Castro has been in power in Cuba – just 90 miles from our shores – for almost 50 years. He is the last of the Cold War Warriors remaining in power - having outlasted 10 US Presidents and almost as many Soviet Premiers/Russian-Presidents. Surviving assassination attempts, coups, bombings, invasions, and other Black Op ventures; Castro has enjoyed more lives than a cat. Will this recent battle with death prove his undoing? At 80 years of age, only time will tell.

Whether you like him (or not), you must admit he has fulfilled the Orwellian need for personification of “the enemy,” better than anyone else in these last 50 years. It is really hard to focus the hatred and stir the troops (or the populace) against an “ISM” – be it communism, socialism, capitalism, consumerism, or terrorism. You really need some figurehead/target-head to get juices flowing. Castro with his fatigues, the beard, that hat, the nose… (cigar optional) became the perfect caricature for all that is “evil and threatening” in the Western Hemisphere.

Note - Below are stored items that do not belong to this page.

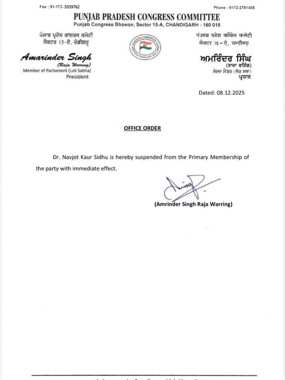ਚੰਡੀਗੜ੍ਹ, 8 ਦਸੰਬਰ – ਨਿਊਜ਼ਲਾਈਨ ਐਕਸਪ੍ਰੈਸ – ਕਾਂਗਰਸ ਪਾਰਟੀ ਨੇ ਨਵਜੋਤ ਕੌਰ ਸਿੱਧੂ ਖਿਲਾਫ ਵੱਡਾ ਐਕਸ਼ਨ ਲਿਆ ਹੈ। ਉਨ੍ਹਾਂ ਨੂੰ ਪਾਰਟੀ ਵਿਚੋਂ ਸਸਪੈਂਡ ਕਰ ਦਿੱਤਾ ਗਿਆ ਹੈ। ਮਿਲੀ ਜਾਣਕਾਰੀ ਮੁਤਾਬਕ ਉਨ੍ਹਾਂ ਖਿਲਾਫ 5 ਕਰੋੜ ਵਾਲੇ ਬਿਆਨ ਮਗਰੋਂ ਕਾਰਵਾਈ ਕੀਤੀ ਗਈ ਹੈ। ਇਸ ਸਬੰਧੀ ਪੰਜਾਬ ਕਾਂਗਰਸ ਪ੍ਰਧਾਨ ਅਮਰਿੰਦਰ ਸਿੰਘ ਰਾਜਾ ਵੜਿੰਗ ਨੇ ਸੋਸ਼ਲ ਮੀਡੀਆ ਰਾਹੀਂ ਜਾਣਕਾਰੀ ਦਿੱਤੀ ਹੈ। ਪੰਜਾਬ ਕਾਂਗਰਸ ਪ੍ਰਧਾਨ ਅਮਰਿੰਦਰ ਸਿੰਘ ਰਾਜਾ ਵੜਿੰਗ ਨੇ ਸਾਬਕਾ ਕ੍ਰਿਕਟਰ ਅਤੇ ਕਾਂਗਰਸੀ ਨੇਤਾ ਨਵਜੋਤ ਸਿੰਘ ਸਿੱਧੂ ਦੀ ਪਤਨੀ ਡਾ. ਨਵਜੋਤ ਕੌਰ ਸਿੱਧੂ ਨੂੰ ਪਾਰਟੀ ਤੋਂ ਮੁਅੱਤਲ ਕਰ ਦਿੱਤਾ ਹੈ। ਕਾਂਗਰਸ ਪ੍ਰਧਾਨ ਅਮਰਿੰਦਰ ਸਿੰਘ ਰਾਜਾ ਵੜਿੰਗ ਨੇ ਉਨ੍ਹਾਂ ਨੂੰ ਪਾਰਟੀ ਦੀ ਮੁੱਢਲੀ ਮੈਂਬਰਸ਼ਿਪ ਤੋਂ ਮੁਅੱਤਲ ਕਰਨ ਦਾ ਹੁਕਮ ਜਾਰੀ ਕੀਤਾ। ਉਨ੍ਹਾਂ ਨੂੰ ਸਸਪੈਂਡ ਕਰਨ ਦਾ ਕੋਈ ਕਾਰਨ ਨਹੀਂ ਦੱਸਿਆ। ਪਿਛਲੇ ਕੁਝ ਦਿਨਾਂ ਤੋਂ ਨਵਜੋਤ ਕੌਰ ਸਿੱਧੂ ਪੰਜਾਬ ਵਿੱਚ ਕਾਂਗਰਸ ਅਤੇ ਇਸਦੇ ਸੀਨੀਅਰ ਨੇਤਾਵਾਂ ਵਿਰੁੱਧ ਸਿੱਧੇ ਬਿਆਨ ਦੇ ਰਹੇ ਹਨ, ਜਿਸ ਨਾਲ ਪਾਰਟੀ ਅੰਦਰ ਸਖ਼ਤ ਵਿਰੋਧ ਹੋ ਰਿਹਾ ਸੀ।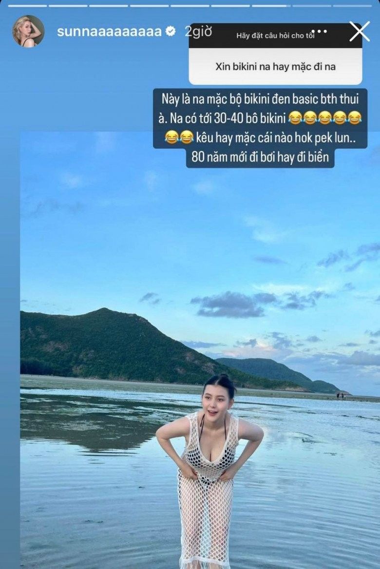 Ngay khi hình ảnh này được đăng tải, dân tình ai nấy đều quan tâm đến outfit đi biển mà Sunna chọn diện. Bên cạnh đó, cô nàng còn "gây sốt" khi tiết lộ trong tủ đồ của mình có đến tận 30 - 40 bộ áo tắm mặc dù rất hiếm khi đi biển.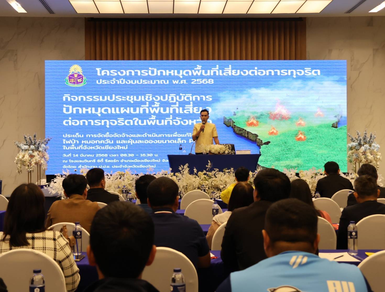 ทั้งนี้ ปัญหาการทุจริต เป็นปัญหาเรื้อรังที่เกิดขึ้นมาอย่างยาวนานในประเทศไทย และส่งผลต่อการค้า การลงทุน ทั้งภายในและต่างประเทศ ดังเช่น ผลการประเมินดัชนีการรับรู้การทุจริต(Corruption Perception Index: CPI) ประจำปี 2567 ประเทศไทยได้ 34 คะแนน จัดอยู่ในอันดับที่ 107 ของโลก และอยู่ในอันดับที่ 5 ของกลุ่มประเทศอาเซียน ในการนี้สังคมไทยยังคงส่งเสริมและดำเนินการให้คนภายในประเทศยังคงแสดงจุดยืนที่จะไม่ทนต่อการทุจริตต่าง ๆ อย่างต่อเนื่อง ดังนั้น เพื่อให้การดำเนินการสนับสนุนภารกิจด้านการป้องกันและแก้ไขปัญหาไฟป่าและหมอกควันดำเนินการไปด้วยความสุจริต สำนักงาน ป.ป.ช. ประจำจังหวัดเชียงใหม่ จึงได้จัดโครงการปักหมุดพื้นที่เสี่ยงต่อการทุจริตขึ้นในวันนี้ เพื่อตรวจสอบการกระทำโดยมิชอบด้วยกฎหมายหรือระเบียบที่เกี่ยวข้อง ทั้งการทุจริตในการดำเนินโครงการ หรือกิจกรรม ที่เกี่ยวกับการใช้งบประมาณในการแก้ไขปัญหาหมอกควันไฟป่าและฝุ่นละอองขนาดเล็ก PM2.5 เพื่อให้ทุกหน่วยงานที่มาร่วมงาน นำข้อมูลที่ได้รับจากการเข้าร่วมโครงการไปใช้เป็นแนวทางในการตรวจสอบระเบียบขั้นตอนต่างๆ เพื่อไม่ให้เกิดการผิดพลาดในการดำเนินการด้านการใช้งบประมาณ สร้างความเข้มแข็ง สร้างความโปร่งใส ในเรื่องการบริหารราชการ ดูแลพี่น้องประชาชนอย่างสุจริต มีคุณธรรม พร้อมเป็นหูเป็นตา เพื่อให้องค์กรทำงานได้อย่างถูกระเบียบและโปร่งใส ตรวจสอบได้

We don’t have a lot of Cubans around our part of North Central (rural) Illinois. In the 1950’s and 1960’s – those days before political correctness and sensitivity awareness, the first Cuban stereotype I (and most) encountered was Ricky Ricardo, Lucy’s husband - the Cuban band leader. With Edward R. Murrow’s interview of Fidel, his little boy - Fidelito, and the boy’s cute little puppy on “Person to Person” on February 6th, 1959; Fidel Castro became a second Cuban for the broadest definition of us. He put his best media face forward that night.

Castro was still seeking much needed support/cash for his revolution. He was not in the Russian camp, yet... All that changed in April 1961 with the Bay of Pigs invasion. The deal was sealed by December 1961, when Fidel publicly declared: “I am a Marxist Leninist and shall be until the last days of my life.” If that didn’t guarantee his fate as the incarnate evil threat in this hemisphere, the Cuban missile crisis of October 18 – 29, 1962 did!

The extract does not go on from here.